Abdullah an-Nadeem (1843-October 1896, Arabic: عبد الله النديم ) was a significant Egyptian writer and political activist. He was a major figure during the Urabi revolt with many considering him the voice of the revolution. An-Nadeem was brought up in Alexandria. Poverty played an important role in his life, as he did not receive a formal education and came from the poor districts of Egypt at a time of financial and economic crisis. Corruption in the state, foreign intervention, and exploitation in political power were main aspects of an-Nadeem's political writings and speeches. He sought to overthrow the government that depended on foreigners and advocated for protecting the nation. His nationalist ideologies and political activism were greatly influenced by Jamal al-Din al-Afghani and Muhammed Abduh. An-Nadeem considered himself a self-taught scholar as he mentioned in his book “Kan wa yakoon”; (Was and Will Be).

== Early life ==
Abdullah an-Nadeem (born Abdullah bin Mesbah) was born in Alexandria in 1843 to a poor Egyptian family. His father, Mesbah bin Ibrahim el-Hosni, was a baker. An-Nadeem grew up in El-Gomrok district, a poor neighbourhood near the main port of Alexandria.

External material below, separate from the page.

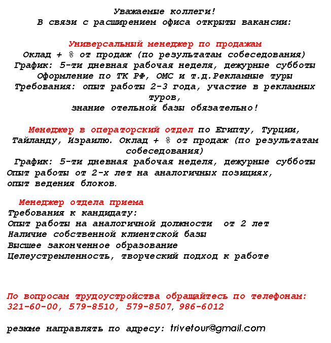24 Фев 2011 17:30:09 ВАКАНСИЯ от фирмы TRIVE ТУР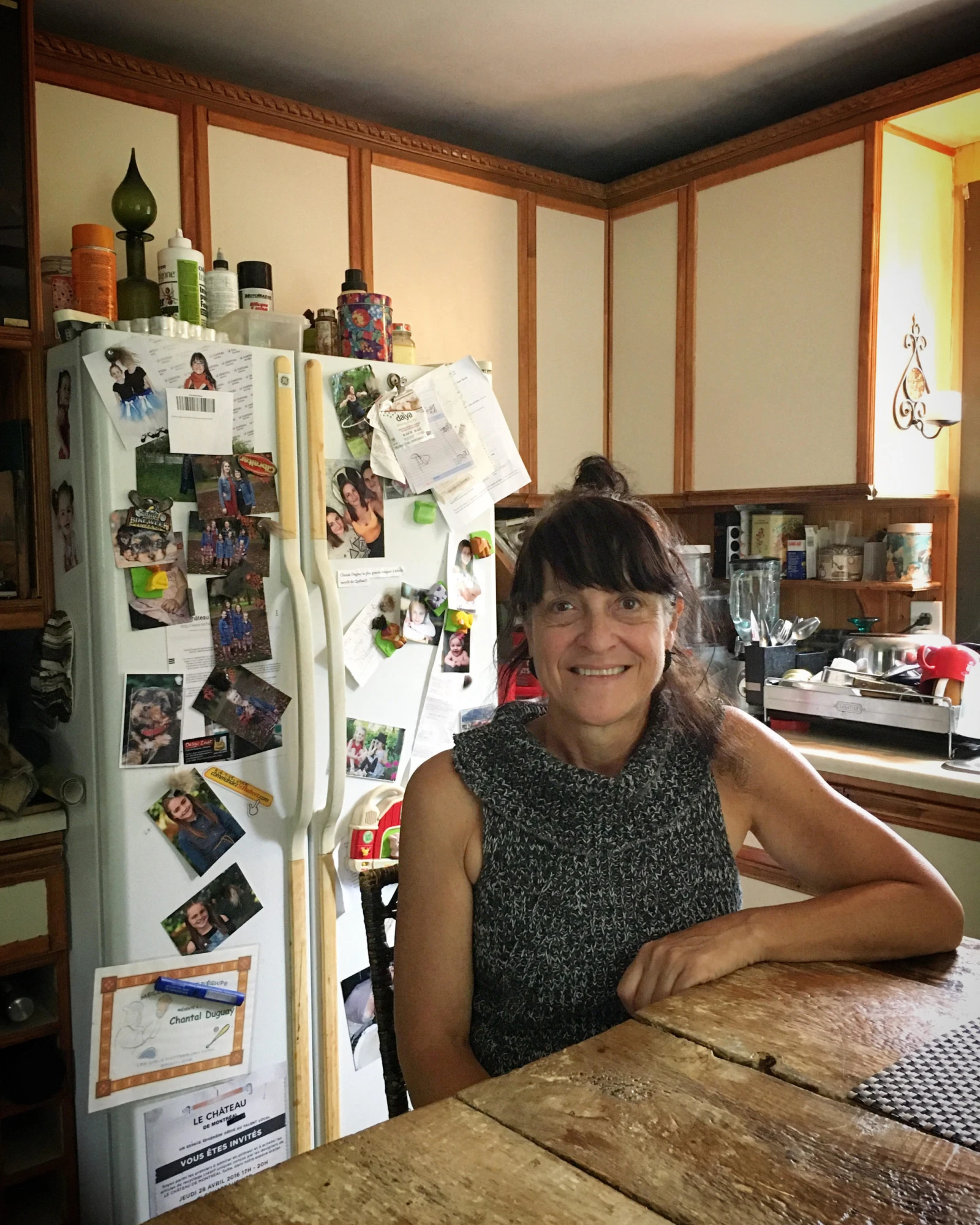 Chantal s’excuse plusieurs fois du désordre. On s’installe dans la cuisine, derrière une belle table en bois. « C’est moi qui l’a fabriquée », précise-t-elle. Elle confectionne des sacs à main aussi, à son compte. Le reste du temps, elle lave des vitrines pour des particuliers et des commerçants.

His father sent him to the district's kottab, a simple form of schooling. He learned how to read and write and was able to learn the Qur’an by heart when he was only nine years old. In 1855, the poor conditions of his family prevented him from studying at Al-Azhar so his father sent him to El Noor mosque, near his home. He excelled at Islamic jurisprudence, logic, religious studies, and Arabic grammar. He studied under Ibrahim El Sersi, Ibrahim El Shaf’ai, and Mohammed Al-‘Ashry, and others.

However, an-Nadeem was not thrilled by the education he was receiving at the mosque and decided to drop out. Instead, he decided to roam the streets and towns in Alexandria in search for intellectual seminars, poetry recitals, and lectures at local cafes and ventures. During this time he excelled in writing and speech. He became famous for his style and was considered a local celebrity in Alexandria. When word reached his father, he refused to support him financially unless he returned to the mosque. An-Nadeem decided to leave Alexandria and headed south.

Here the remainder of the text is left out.